### WORK REQUEST
Word for word, quote the lines from the one containing "Incredible video shows" to the end of the entries below, including both. Leave pictures out.

------ THE DATA ------

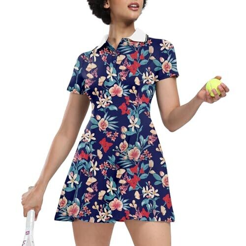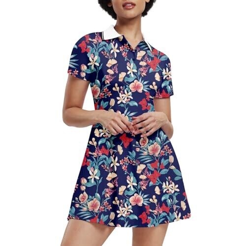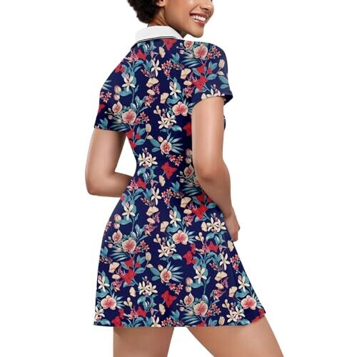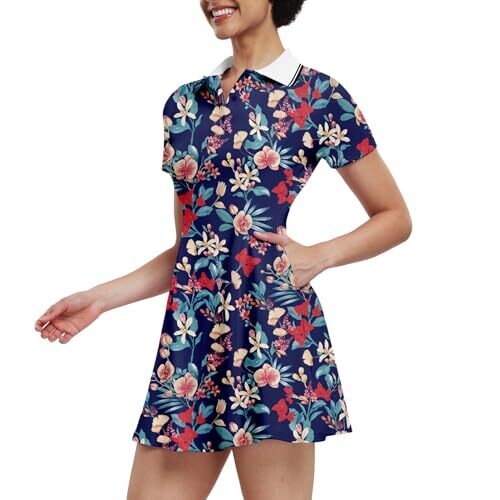 • Ggov Womens Golf Dress with Shorts, Short Sleeve (Navy Flower) Large
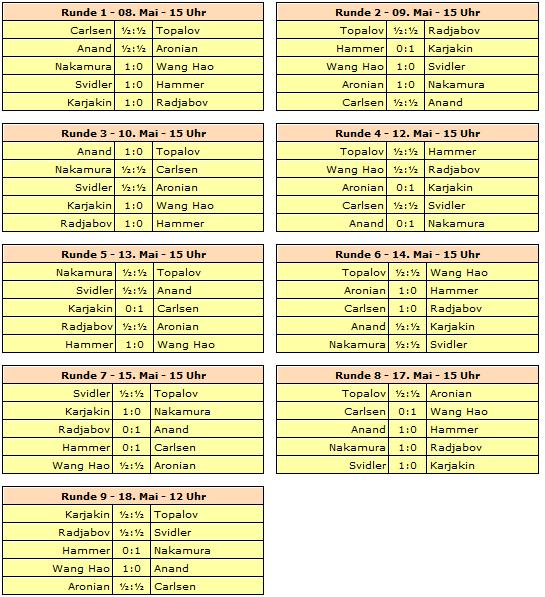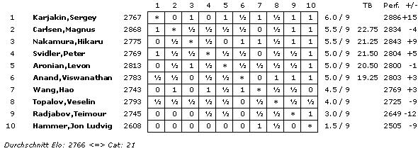 Mit einem ELO-Schnitt von 2766 wurde die Turnierkategorie 21 erreicht.
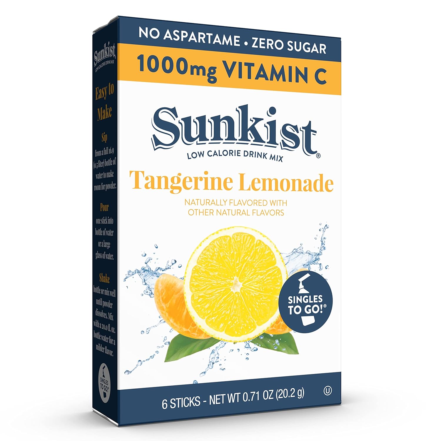 Take The Refreshing Taste Of Sunkist Singles To Go Anywhere You Go. Made With A Blend Of Natural Flavoring, Tangerine Lemonade Drink Packets Offer A Zesty Twist On Your Favorite Citrus Flavor. These Delightfully Refreshing Water Enhancers Are Not Just Packed With Flavor, But They Also Contain The Immunity Boost You Need With 1100% Dv Of Vitamin C Per Serving. Plus, They Are Low Calorie, Have Zero Sugar, And Are Aspartame And Caffeine-Free So You Can Feel Good About Enjoying Them. With 10 Vitamin C Drink Sticks Included In Each Box, You Can Always Keep Quick And Delicious Flavor Within Reach, No Matter Where Your Busy Day Takes You. Packed In Convenient, Pre-Portioned Sticks, Sunkist Powdered Drink Packets Let You Take Refreshing And Delicious Hydration Everywhere You Go. They Are Also Easy To Make β Simply Pour One Stick Into A 16.9 Oz Bottle/Glass Of Water, Shake/Stir, And Enjoy!
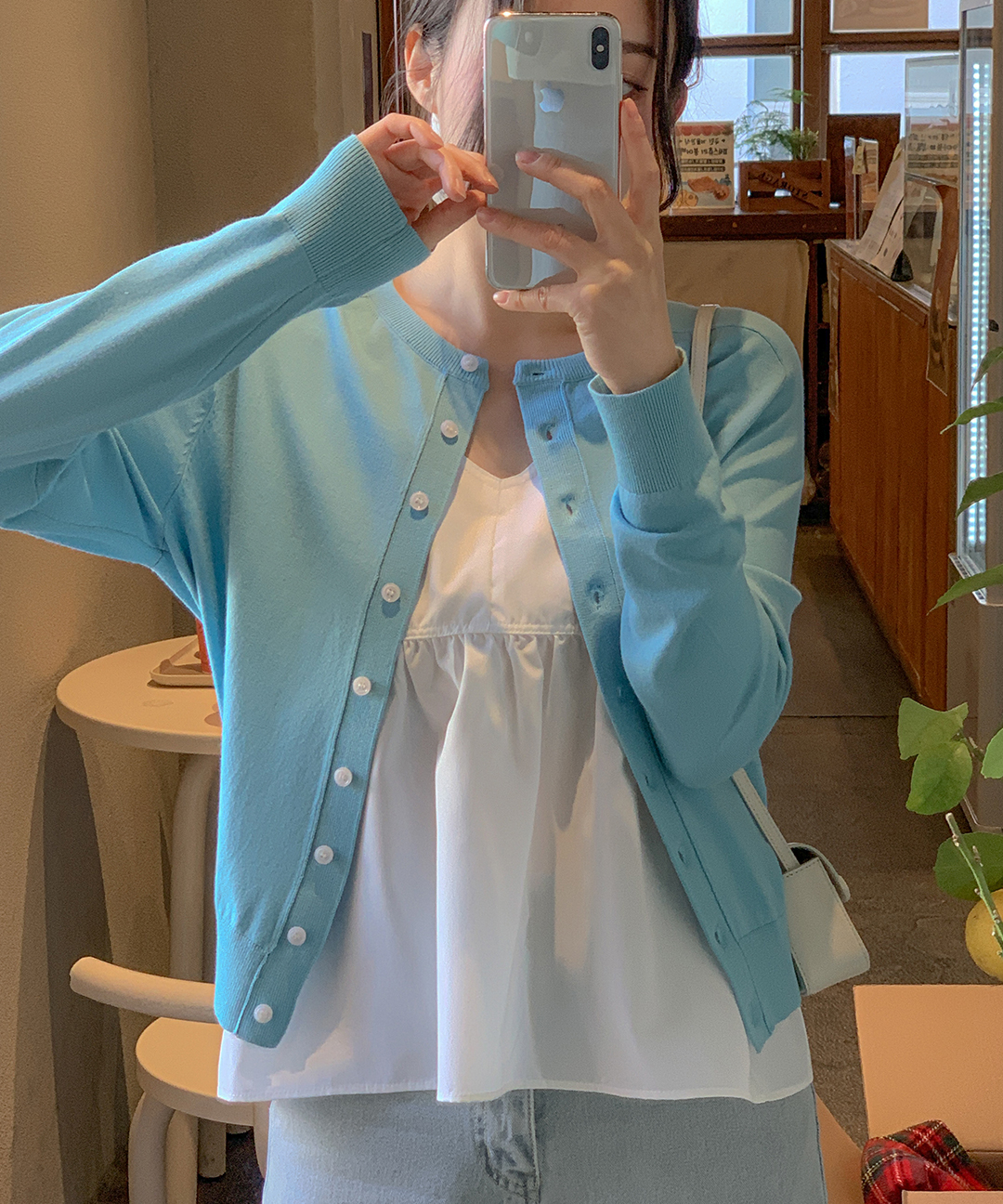 [MADE]루어스 베이직 소프트 자개 니트 가디건 (S-L/데일리룩/개강룩/가을가디건/베이직가디건/레이어드가디건/라운드넥가디건/레이어드)
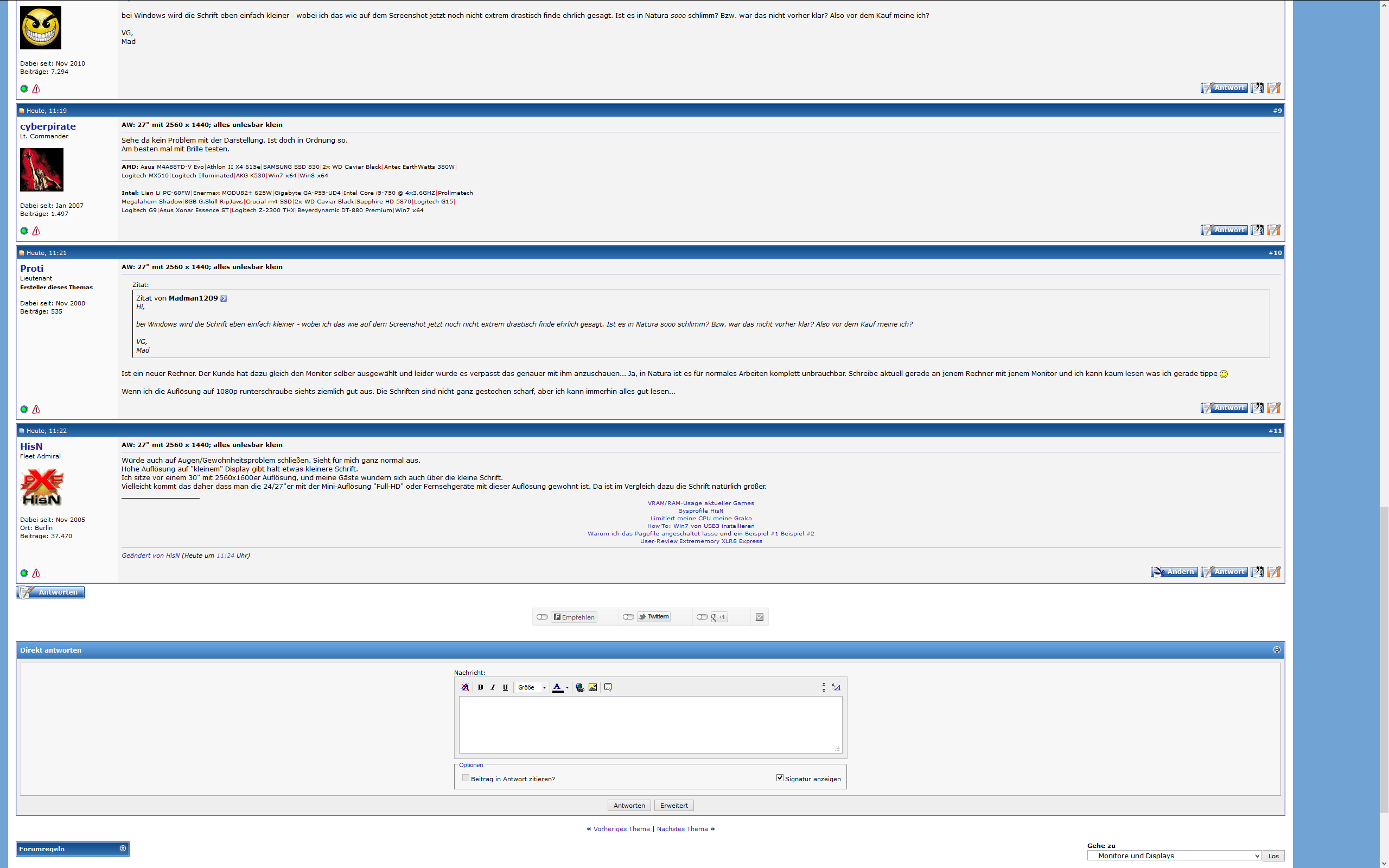 Habe hier einen Samsung SyncMaster S27A850D LED mit einer Auflösung von 2560 x 1440. Kunde wollte den unbedingt haben, also aufgestellt und... alles sauklein.
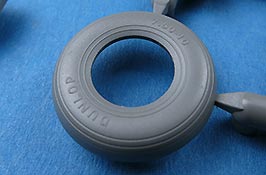 Das Fahrwerk ist im eingefahrenen oder ausgefahrenen Zustand anbaubar. Leider ist hier nur eine Version Reifen, nämlich im unbelasteten Zustand enthalten - so macht nur eine Darstellung im eingefahrenen Zustand Sinn. Die Reifen selber sehen aber ganz gut aus mit den Details und den Herstelleraufdrucken von Dunlop an den Seiten.
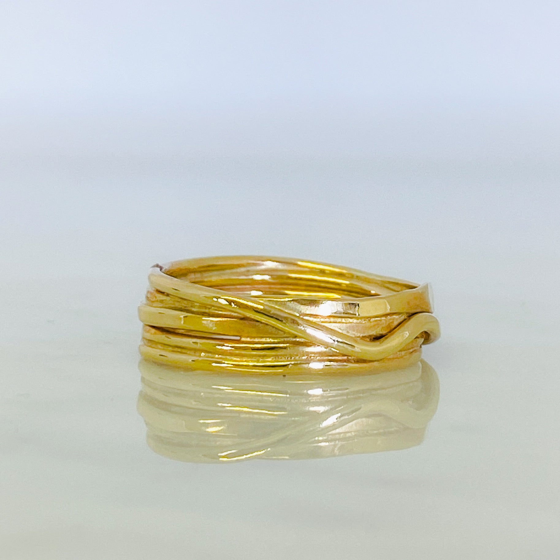 Unique, entwined yellow gold layers wrapped into a beautiful band.
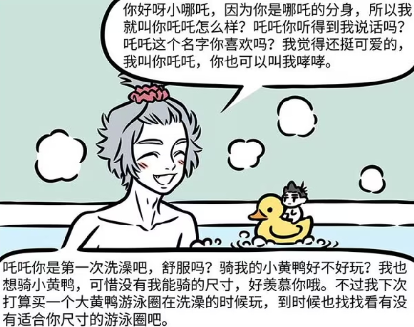迷你哪吒是哪吒的分身,是以哮天还给它取名为吒吒。岂论迷你哪吒是否有恢复,哮天齐一直束缚讲话。不仅如斯,哮天还带陶醉你哪吒陶醉,给他准备小黄鸭,还要给他准备带游水圈的大黄鸭。
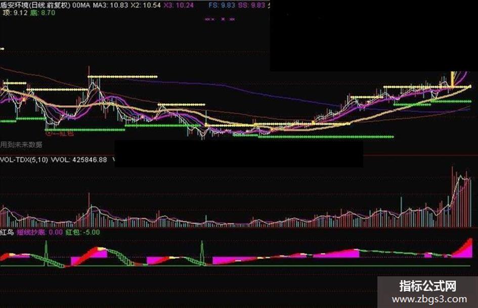 上碎型:IF((HIGH >= R2),UL,REF(UL,BARSLAST((HIGH > R2)))),LINETHICK0,COLORFF00FF;
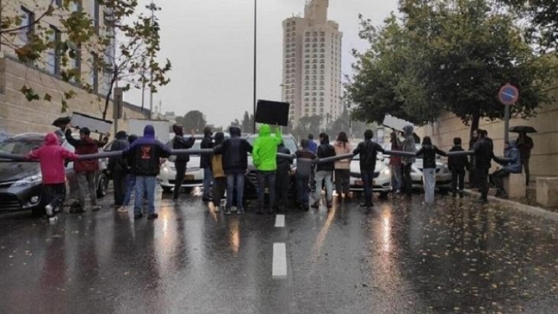 وربط المحتجون بعضهم ببعض، بينما تمدد آخرون على الأرض لإغلاق الطرق المؤدية إلى وزارات المالية والداخلية والاقتصاد الواقعة قرب مبنى "الكنيست" الإسرائيلي بالقدس.
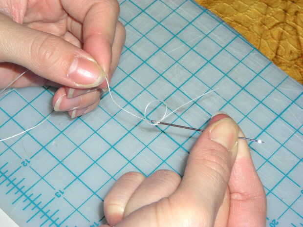 Nudo doble para asegurarse su costura no venga a deshacer! Corte el exceso de cordel.
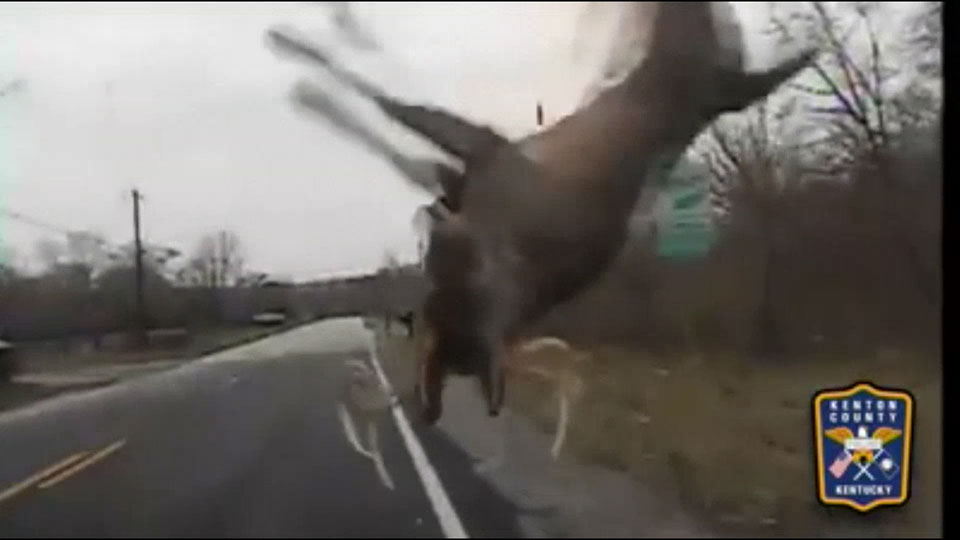 Incredible video shows the moment a Kentucky officer’s cruiser made contact with a deer, sending the animal flying over the vehicle’s hood and scurrying off into the woods.
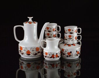 Vintage Ceramic Tea Coffee Serving Set Orange Retro Floral Flowers Brinn's Japan
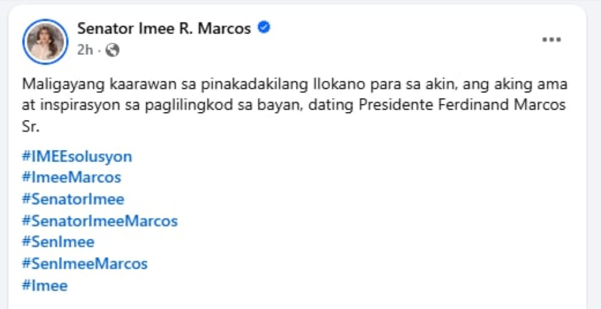 Ibinahagi rin ni Senadora Imee Marcos, ang panganay na anak ni dating Pangulong Marcos Sr., sa kaniyang Facebook post ang kaniyang pagbati sa kaarawan ng ama. Aniya, ito raw ay ang kaniyang inspirasyon sa paglilingkod sa bayan.
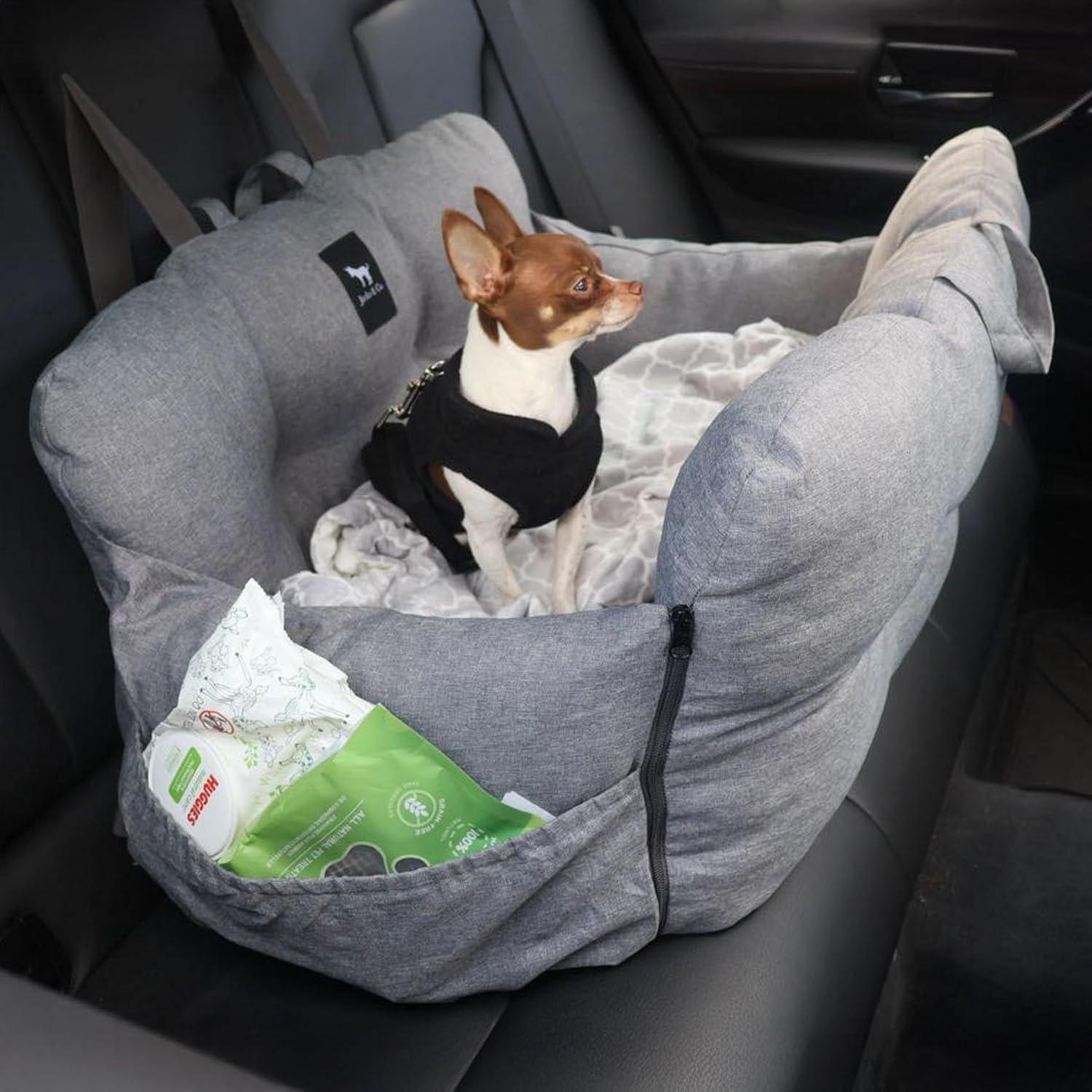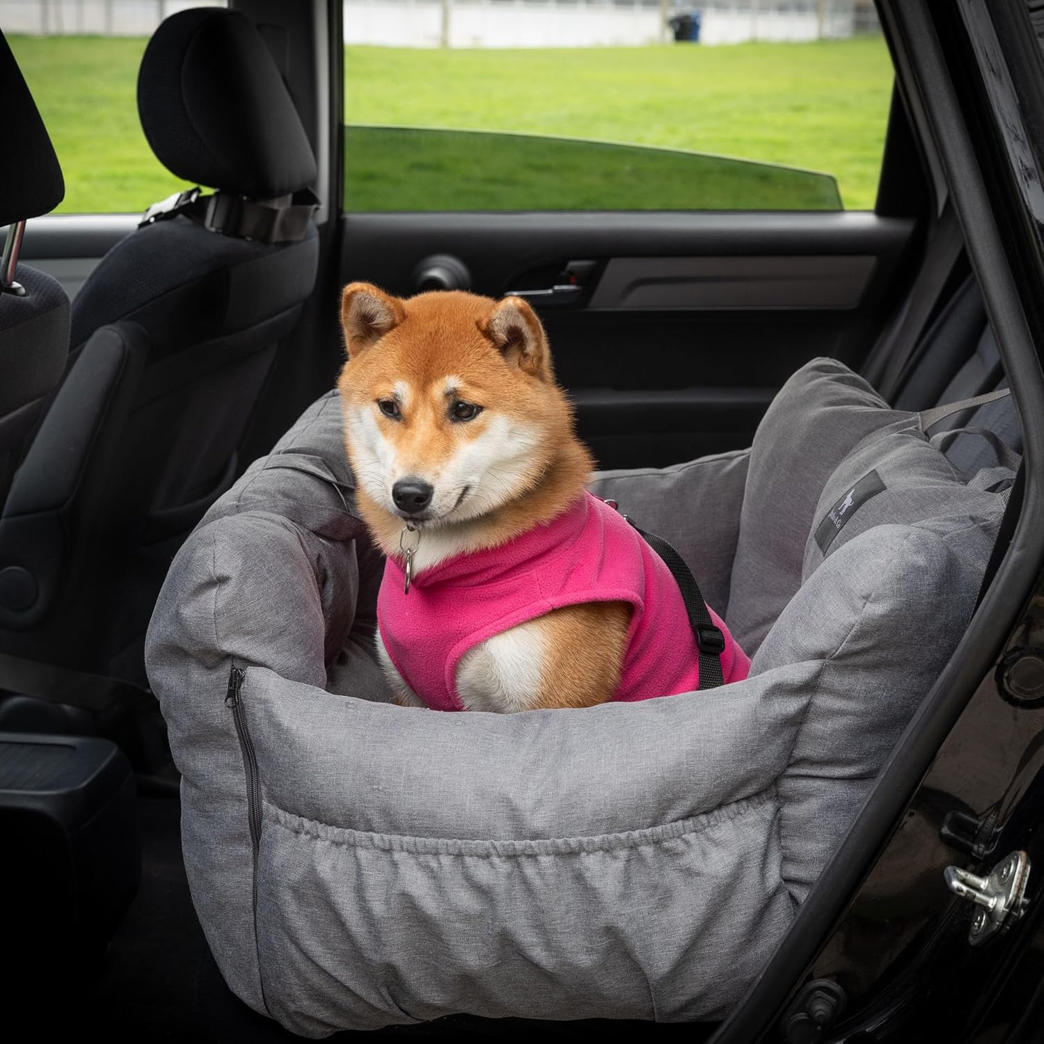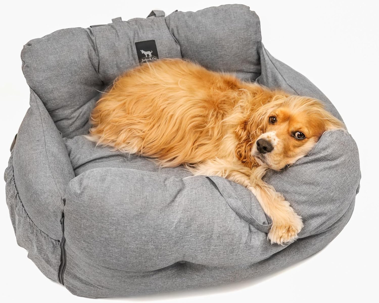 JACKO & CO - Premium Medium Dog Car Seat Bed for Dogs 25-40lbs for Back Seat Use Only - Portable Soft Cloudlike Pet Travel Safety Bed - Machine Washable & Water Resistant (Grey/Medium (25-40lbs)

------

### TASK SOLUTION
 Incredible video shows the moment a Kentucky officer’s cruiser made contact with a deer, sending the animal flying over the vehicle’s hood and scurrying off into the woods.
 Vintage Ceramic Tea Coffee Serving Set Orange Retro Floral Flowers Brinn's Japan
 Ibinahagi rin ni Senadora Imee Marcos, ang panganay na anak ni dating Pangulong Marcos Sr., sa kaniyang Facebook post ang kaniyang pagbati sa kaarawan ng ama. Aniya, ito raw ay ang kaniyang inspirasyon sa paglilingkod sa bayan.
 JACKO & CO - Premium Medium Dog Car Seat Bed for Dogs 25-40lbs for Back Seat Use Only - Portable Soft Cloudlike Pet Travel Safety Bed - Machine Washable & Water Resistant (Grey/Medium (25-40lbs)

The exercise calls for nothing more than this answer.